== Provided material ==
# # # # #
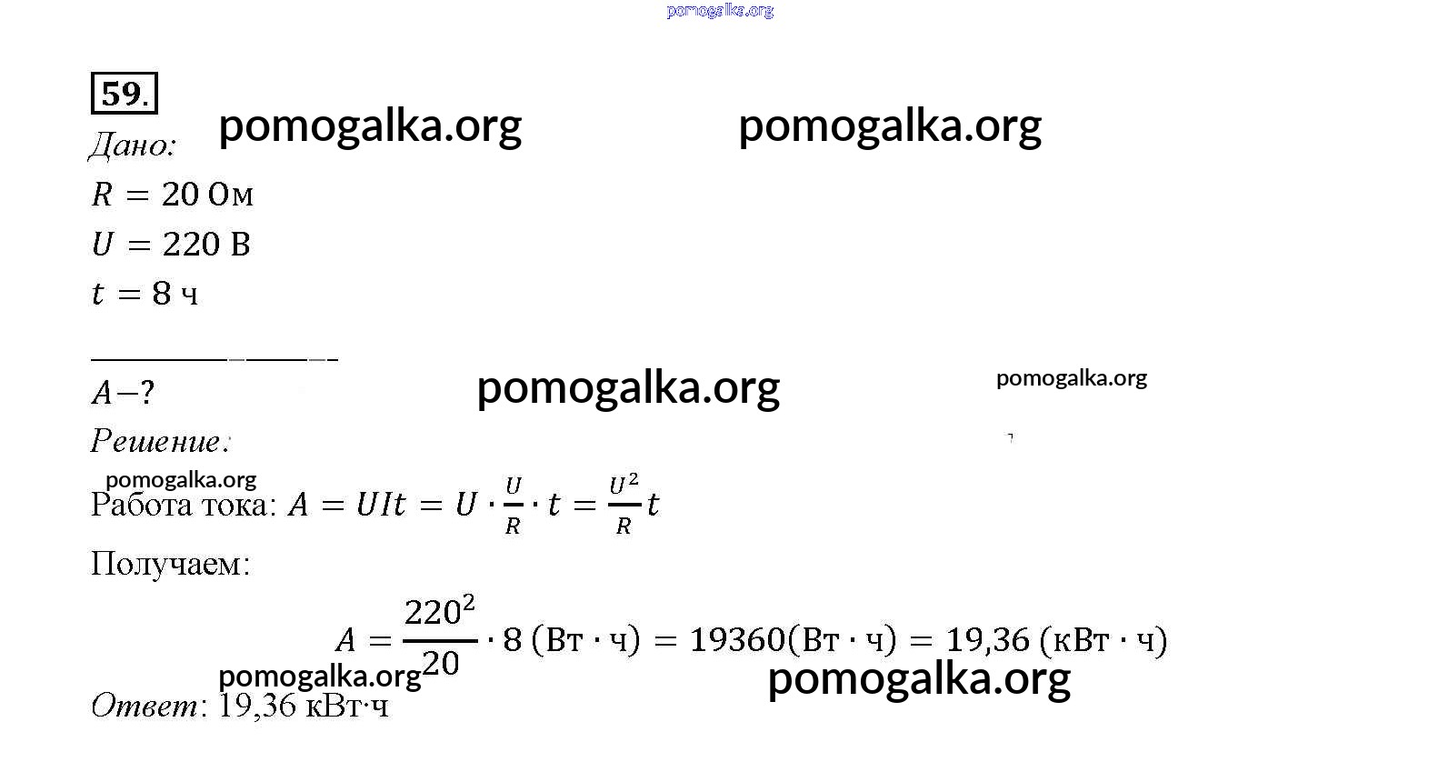Готовые ответы - Физика 8 класс Перышкин А.В. - задача новое издание 59
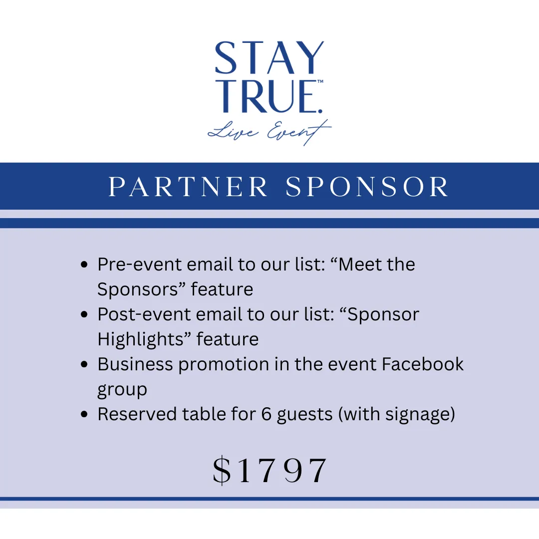 When you sponsor a table at Stay True, you bring eight women into the same experience. Your team, your colleagues, your circle. They do not just hear your vision. They catch it.
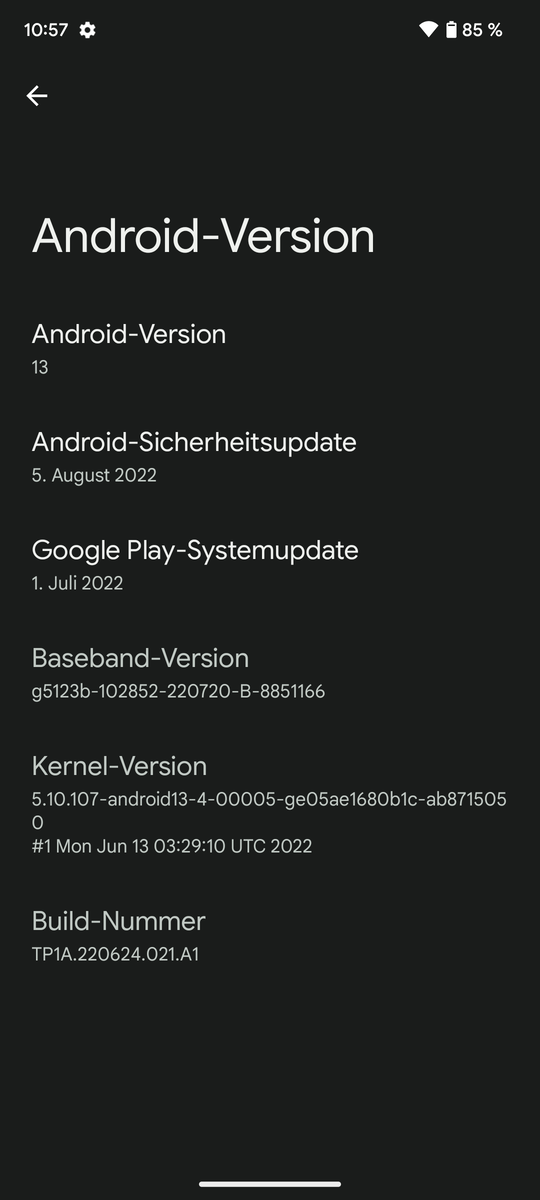 Android 13 hat das Pixel 6a mit dem September-Update erhalten. Das brachte auch die Android-Sicherheitsupdates auf den Stand vom 1. September – aktueller geht es zum Testzeitpunkt nicht.
# # # # #
== The problem ==
An exact copy is needed of only the lines from the top of the material through the line with "When you sponsor"; no pictures belong in it.

== Written response ==
Готовые ответы - Физика 8 класс Перышкин А.В. - задача новое издание 59
 When you sponsor a table at Stay True, you bring eight women into the same experience. Your team, your colleagues, your circle. They do not just hear your vision. They catch it.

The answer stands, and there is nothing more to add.